/---

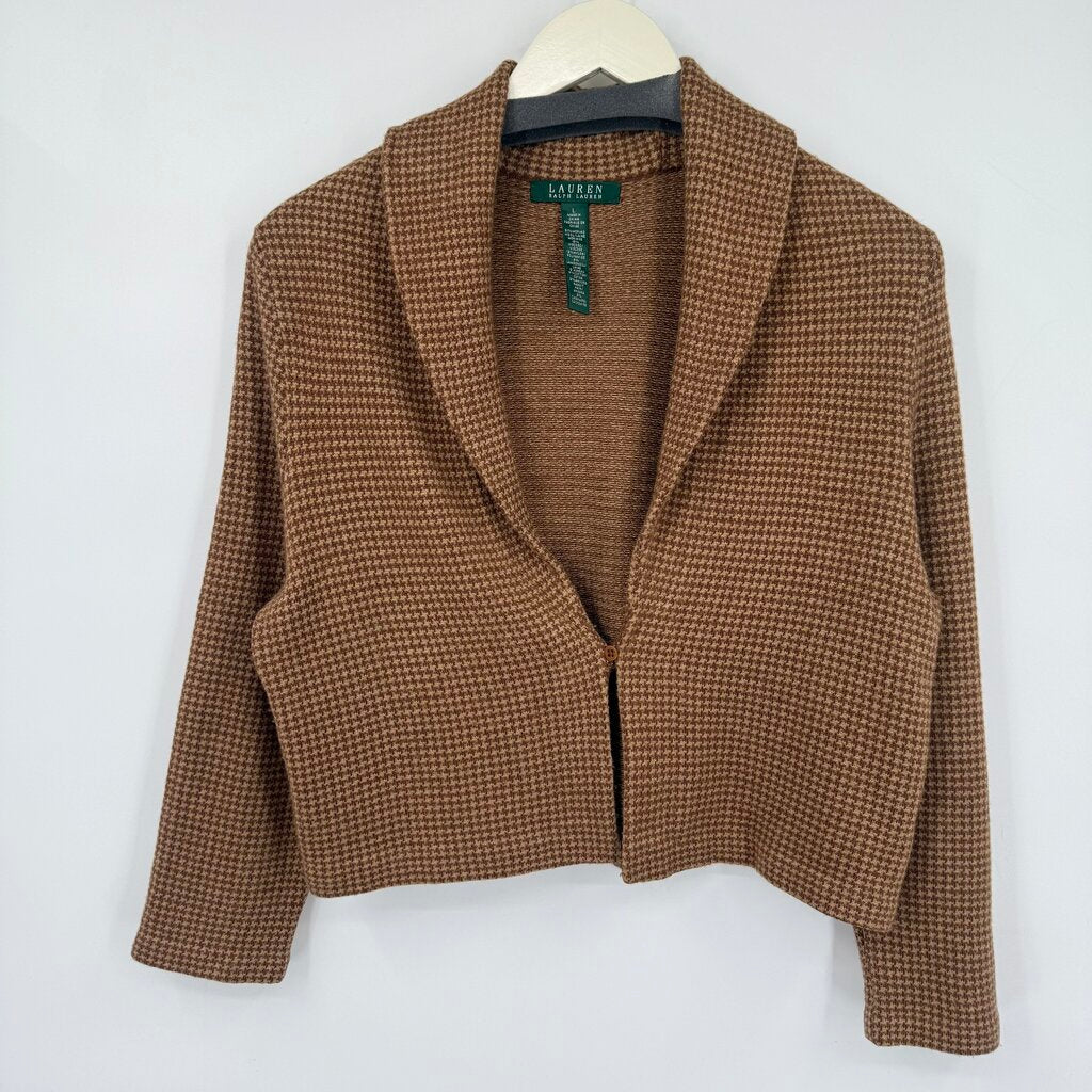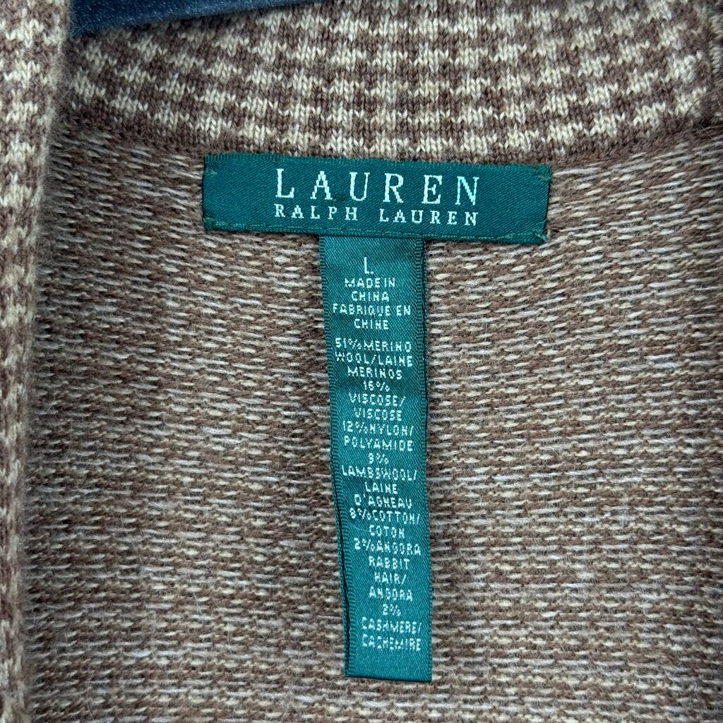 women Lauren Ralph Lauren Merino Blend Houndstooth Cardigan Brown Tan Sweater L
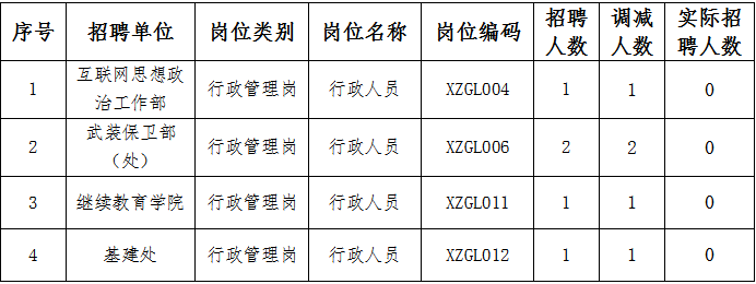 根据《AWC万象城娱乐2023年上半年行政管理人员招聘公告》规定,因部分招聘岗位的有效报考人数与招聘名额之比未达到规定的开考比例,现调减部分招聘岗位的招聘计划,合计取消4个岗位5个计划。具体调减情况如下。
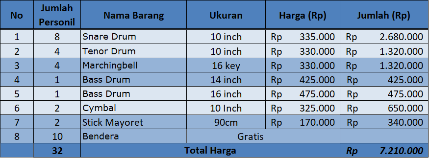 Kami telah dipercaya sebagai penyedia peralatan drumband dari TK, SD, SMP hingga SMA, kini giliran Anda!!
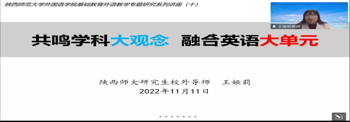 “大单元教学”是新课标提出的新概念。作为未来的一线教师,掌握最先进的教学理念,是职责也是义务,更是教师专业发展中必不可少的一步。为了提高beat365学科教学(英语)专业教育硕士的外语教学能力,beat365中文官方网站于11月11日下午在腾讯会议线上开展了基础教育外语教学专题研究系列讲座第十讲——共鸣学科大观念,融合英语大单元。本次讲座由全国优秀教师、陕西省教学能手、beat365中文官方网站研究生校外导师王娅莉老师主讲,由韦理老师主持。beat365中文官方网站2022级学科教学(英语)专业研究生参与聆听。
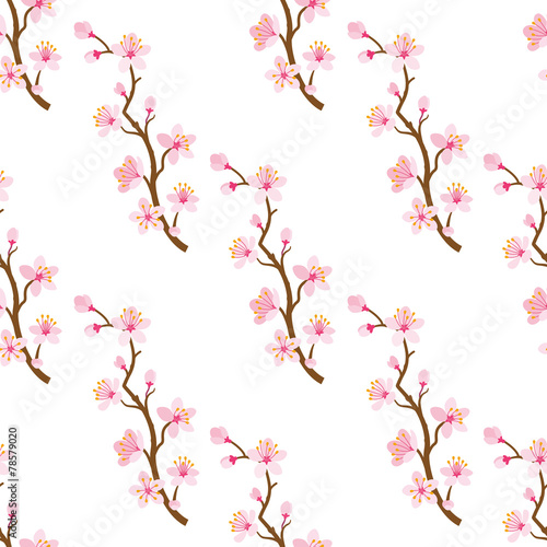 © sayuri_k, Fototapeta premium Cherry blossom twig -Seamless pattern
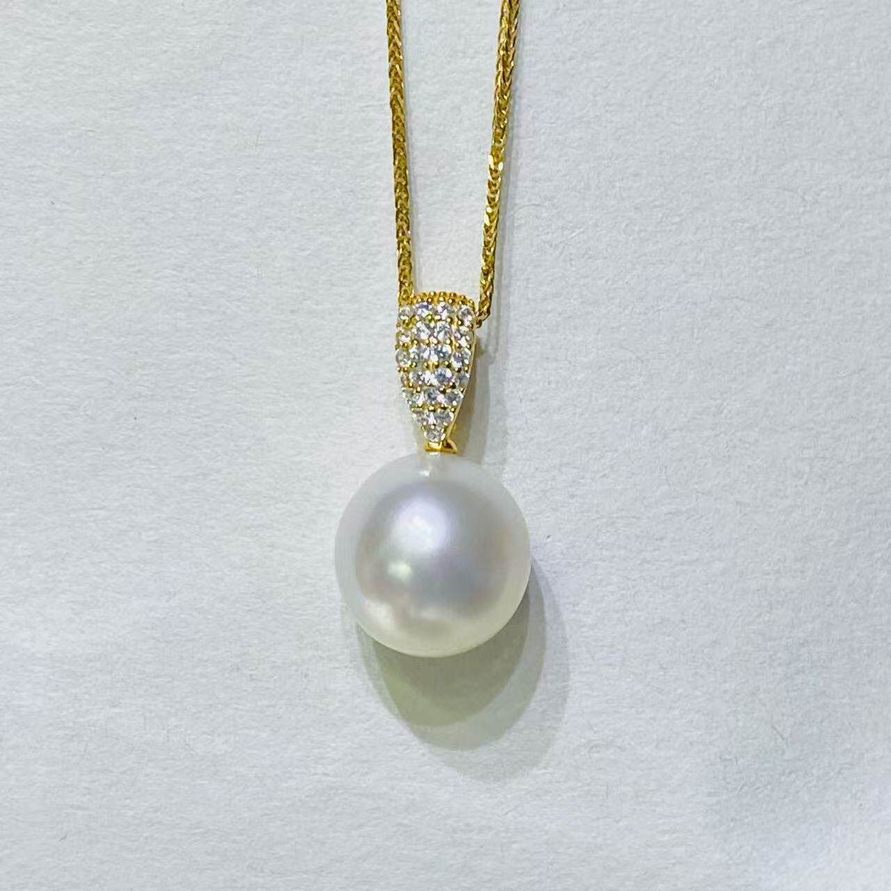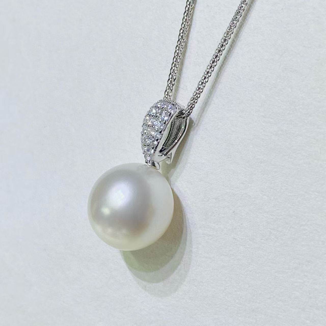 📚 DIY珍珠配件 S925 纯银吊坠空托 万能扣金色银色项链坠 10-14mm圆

\---

__Activity__
Here the job is to print all the data exactly, skipping any image.

__Answer below__
 women Lauren Ralph Lauren Merino Blend Houndstooth Cardigan Brown Tan Sweater L
 根据《AWC万象城娱乐2023年上半年行政管理人员招聘公告》规定,因部分招聘岗位的有效报考人数与招聘名额之比未达到规定的开考比例,现调减部分招聘岗位的招聘计划,合计取消4个岗位5个计划。具体调减情况如下。
 Kami telah dipercaya sebagai penyedia peralatan drumband dari TK, SD, SMP hingga SMA, kini giliran Anda!!
 “大单元教学”是新课标提出的新概念。作为未来的一线教师,掌握最先进的教学理念,是职责也是义务,更是教师专业发展中必不可少的一步。为了提高beat365学科教学(英语)专业教育硕士的外语教学能力,beat365中文官方网站于11月11日下午在腾讯会议线上开展了基础教育外语教学专题研究系列讲座第十讲——共鸣学科大观念,融合英语大单元。本次讲座由全国优秀教师、陕西省教学能手、beat365中文官方网站研究生校外导师王娅莉老师主讲,由韦理老师主持。beat365中文官方网站2022级学科教学(英语)专业研究生参与聆听。
 © sayuri_k, Fototapeta premium Cherry blossom twig -Seamless pattern
 📚 DIY珍珠配件 S925 纯银吊坠空托 万能扣金色银色项链坠 10-14mm圆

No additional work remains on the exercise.